How would the 0.25 grams of antimatter only annihilate the Vatican and nowhere else?
Spike ,'Get It Done'
Natter 63: Life after PuppyCam
Off-topic discussion. Wanna talk about corsets, duct tape, or physics? This is the place. Detailed discussion of any current-season TV must be whitefonted.
The Vatican is comprised of exactly 0.25 grams of matter?
Yes! The rest of it is just a hologram. In the movie, Tom Hanks will use string theory to prove this.

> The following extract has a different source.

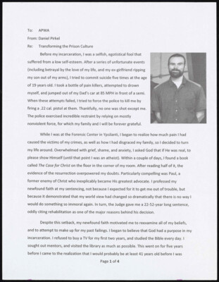 To: APWA From: Daniel Pirkel Re: Transforming the Prison Culture Before my incarceration, l was a selfish, egotistical fool that suffered from a low self-esteem. After a series of unfortunate events (including betrayal by the...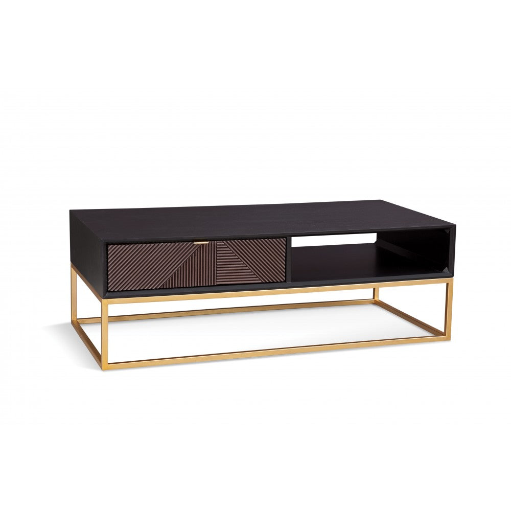 Perched upon a gold angular metal frame is the Beadier Cocktail Table. The cocktail body has an open through shelf and one drawer on each side with the drawer front featuring a ridged angled drawer face motif and gold linear drawer pulls. Adjustable floor levelers.

According to my calculations, 0.25g of antimatter reacting with 0.25g of matter would release 44 TJ of energy, or about half the size of the bomb dropped on Nagasaki.
1.21 JIGGOWATTS?!?!?!
t slaps head and wanders away
Ooh - I knew someone mathy would come along and do the calculation....
In the equation E = mc², c² is a pretty big honking number. A lot of energy is released when you destroy a little bit of matter.
According to my calculations, 0.25g of antimatter reacting with 0.25g of matter would release 44 TJ of energy, or about half the size of the bomb dropped on Nagasaki.
Oh, there you go bringing facts into it again!
The thing I don't understand is how mass x distance² / time² ends up being energy, which is force x distance, right?
force × distance is work, not energy.